Leave out the pictures and output exactly the lines below from the one with "受此消息提振,小米集团今日大" down to the one with "Ödemiş’te küle dönmüş", both of them included.

***** Input material

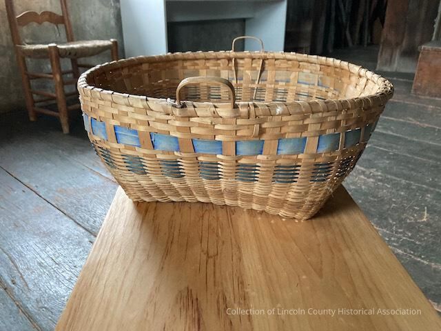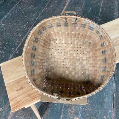 Native American circular splint open work basket with single wide and five narrow splint bands colored blue. Base is square but top is a circular. With handles that are notched to keep them in place. Also with traces of white and red splints towards the base of the basket.Made/Created
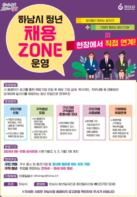 하남시는 ‘2024년 제2회 하남시 청년 채용 존(ZONE)’에 참가할 우수 기업의 참여를 독려하기 위해 하남시 홈페이지에 5월 1일부터 5월 31일까지 공고문을 게재했다.
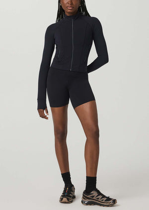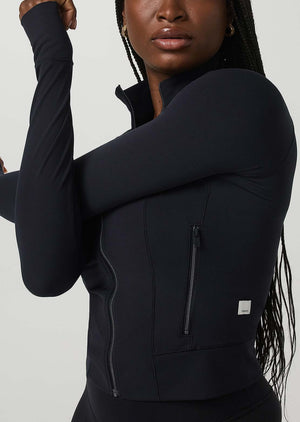 The buttery-soft Vuori BlissBlend Form™ layer your fitness routine has been waiting for. Our women's Vuori AllTheForm™ Fitness Jacket is an easy addition to your workout wardrobe, with flattering front and back seaming details. Zippered pockets let you stash your keys and cards for those post-run iced coffee stops.
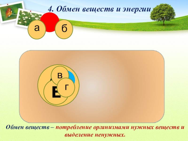 4. Обмен веществ и энергииЕОбмен веществ – потребление организмами нужных веществ и выделение ненужных.
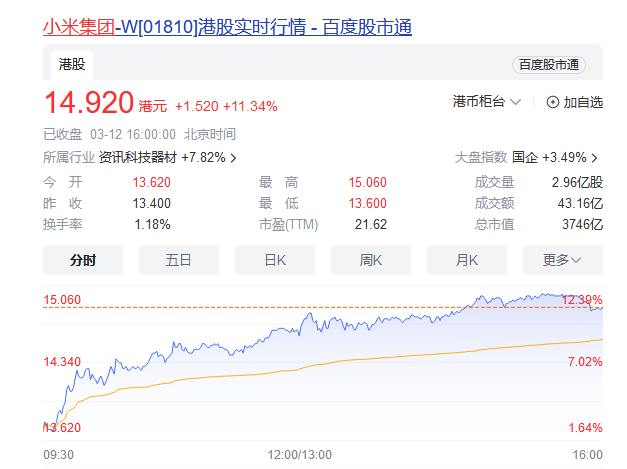 受此消息提振,小米集团今日大幅拉升,盘中一度涨超12%。截至收盘,该股涨11.34%报14.92港元,最新市值3746亿港元。
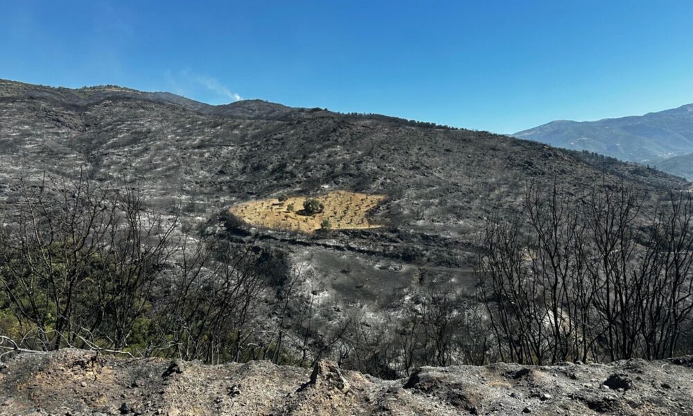 Ödemiş’te küle dönmüş alanın ortasındaki 5 dönüm zeytinlik, yangından etkilenmedi
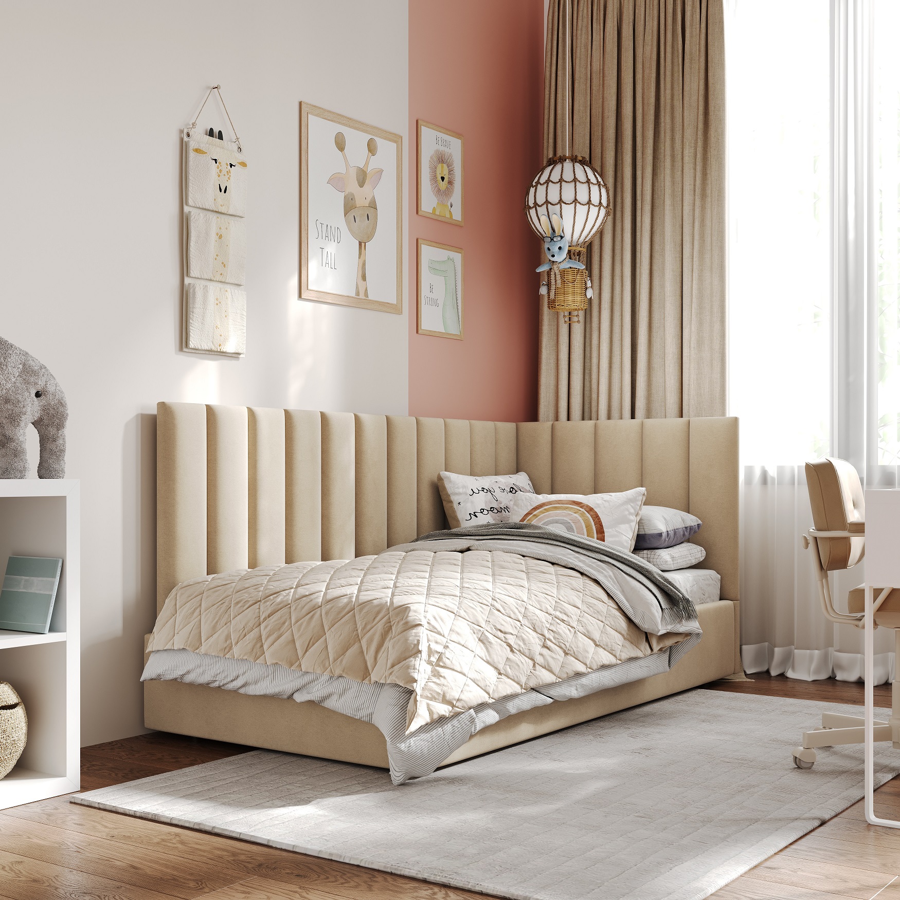 Кровать Меркурий-3 со спальным местом 120*200, велюр, отличается элегантным дизайном. Односпальная кровать оборудована подиумным основанием и прямой спинкой. Интерьерная кровать Меркурий впишется в любой интерьер. Мягкое изголовье придаст комнате дополнительный уют. Большой выбор размеров спального места и вариантов обивки для кровати Меркурий, каждый найдет нужный размер, цвет и ткань для своей кровати. Плюсы Кровати Меркурий: Металлическое кроватное основание с подъемным механизмом и вместительным ящиком для белья в комплекте. У кровати Меркурий не большое по высоте изголовье, это большой плюс для мансардных этажей и небольших комнат . Габариты 135х215см. Высота изголовья 102см. Толщина изголовья 60мм. Высота боковых царг 32см. Углубление под матрас 5-7см.
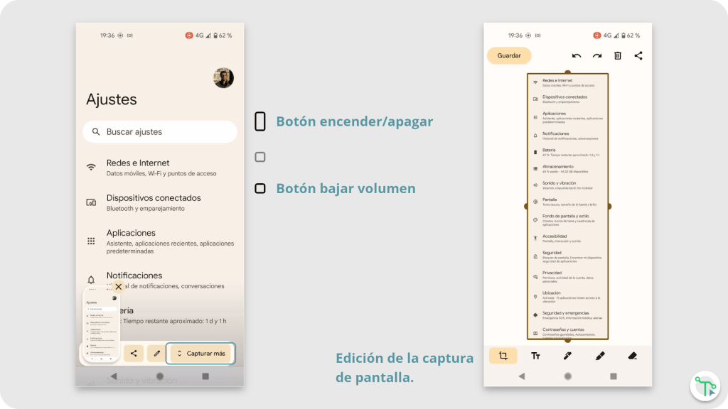 Una característica muy útil que ha sido mejorada es la herramienta de captura de pantalla con la opción de captura continua. Para acceder a esta nueva función, tenemos que accionar a la vez los botones físicos de apagar pantalla y bajar volumen.
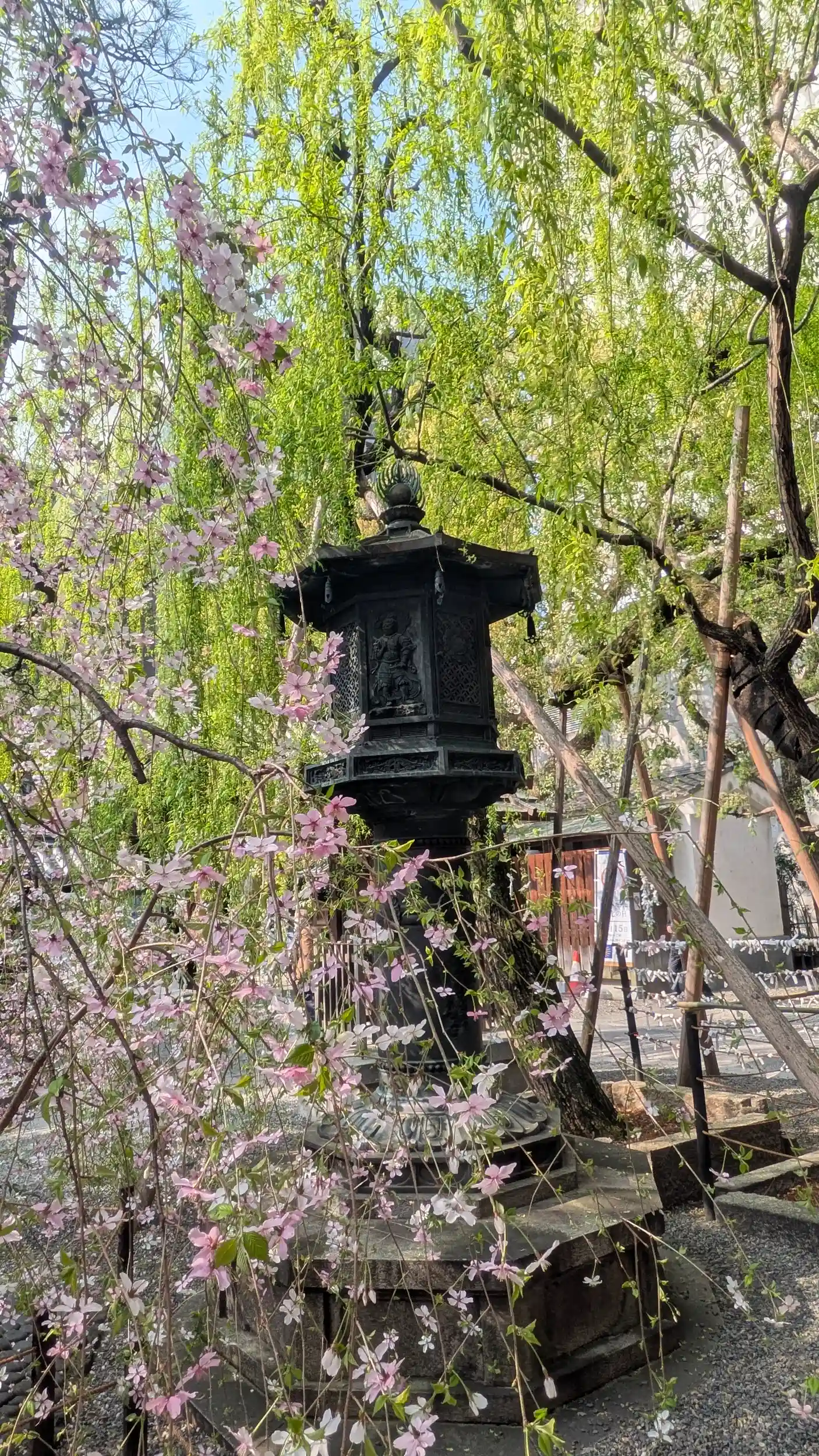 京都桜の陣。インスタで切り絵の御朱印をお見掛けしたのでお詣り。山門くぐり本堂前で・・・おや?なんか見覚えのある方が・・・と思ったら尊陽院の奥様😲この様なところでとご挨拶したらお連れさんに案内してもらっていたそうですが本堂前に行けそうにないのでとのこと😲理由は・・・鳩😅鶏が大の苦手なのだと前にうかがっていましたが鳩もダメなんや😅「どうぞどうぞ、お詣りしてきてください」とのことでしたのでお別れして本堂へお詣りさせていただきました。とはいえ烏丸駅近のもはや枝垂れ桜の有名どころとなっている為観光客も多くゆっくりと花見というわけにもいかず・・・😅ほどほどにして授与所へ。切り絵御朱印のことを伺うと「JR東海」の申し込みが必要とのこと😫「そうだ京都行こう」のあれかぁ・・・そういえば平安神宮とかのみてたけどここもでしたか・・・😥ということで御朱印は断念し、後にしました。
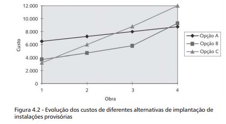 Nesta seção são comparados os custos de três opções de implantação das instalações provisórias, tendo sido adotados os seguintes parâmetros de referência:
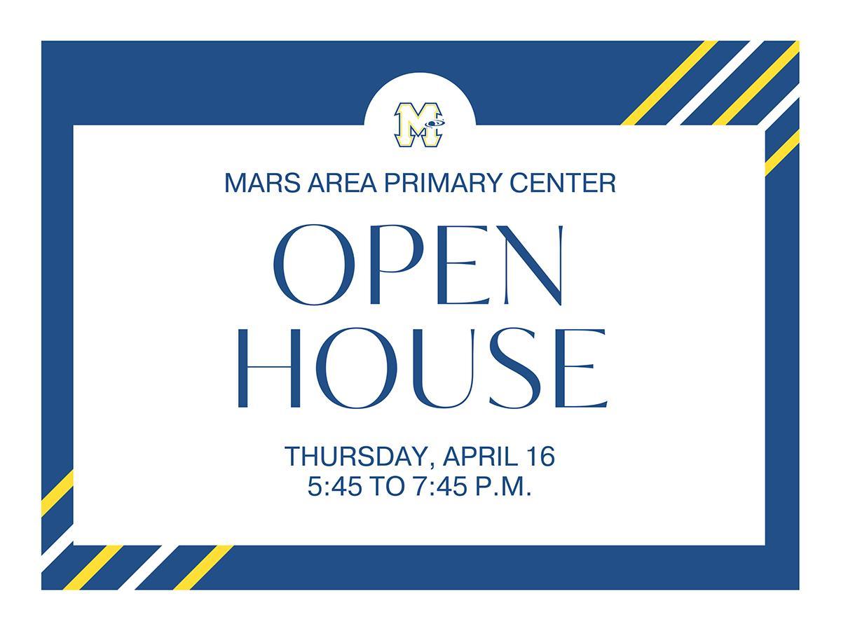 Mars Area Primary Center will offer its Spring Open House from 5:45 to 7:45 p.m. on Thursday, April 16.
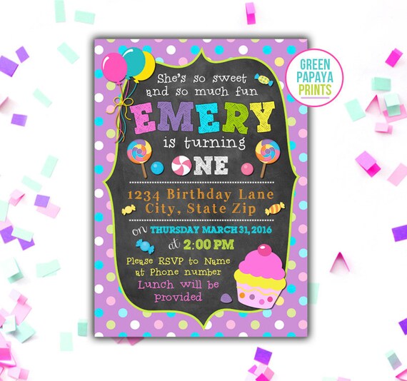 Candy Birthday Invitation First Birthday Printable Cupcake Candyland Invitation Girl Bright Candy Lollipop Digital File By Green Papaya Prints Catch My Party
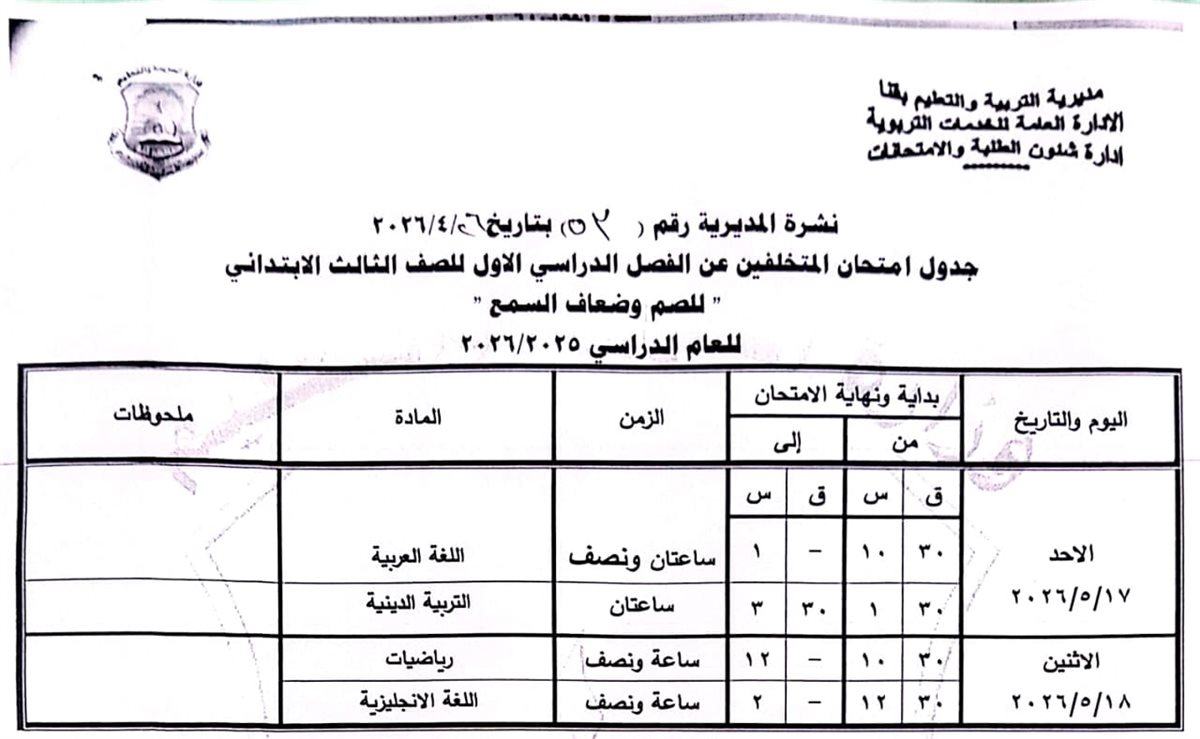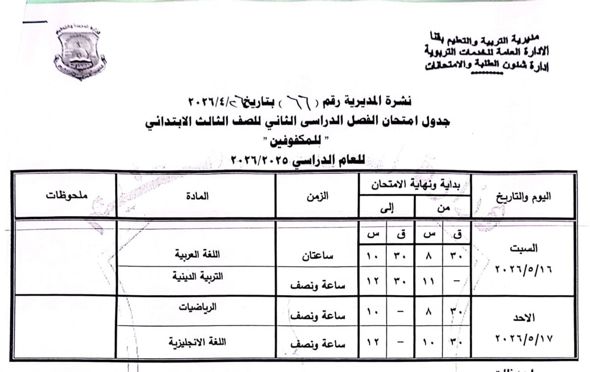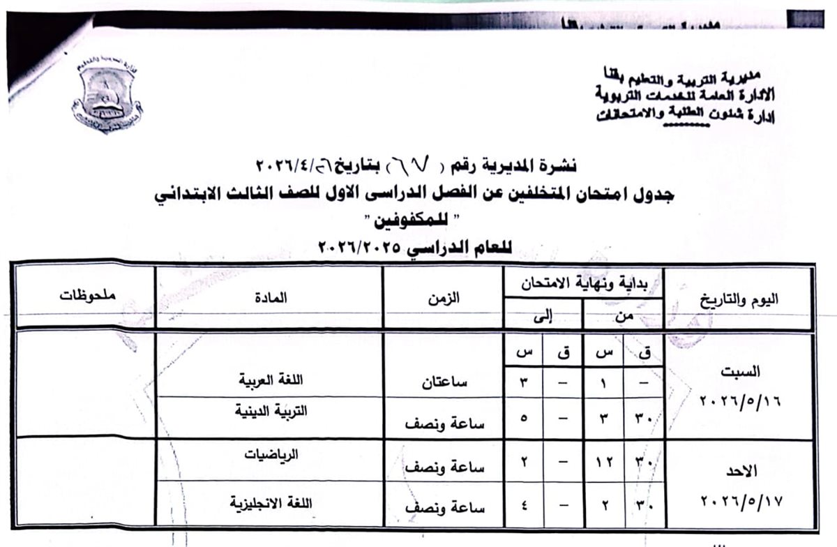 الصف الثالث الابتدائي: من السبت 16 مايو وحتى الاثنين 18 مايو 2026.

**********

## Answer box
 受此消息提振,小米集团今日大幅拉升,盘中一度涨超12%。截至收盘,该股涨11.34%报14.92港元,最新市值3746亿港元。
 Ödemiş’te küle dönmüş alanın ortasındaki 5 dönüm zeytinlik, yangından etkilenmedi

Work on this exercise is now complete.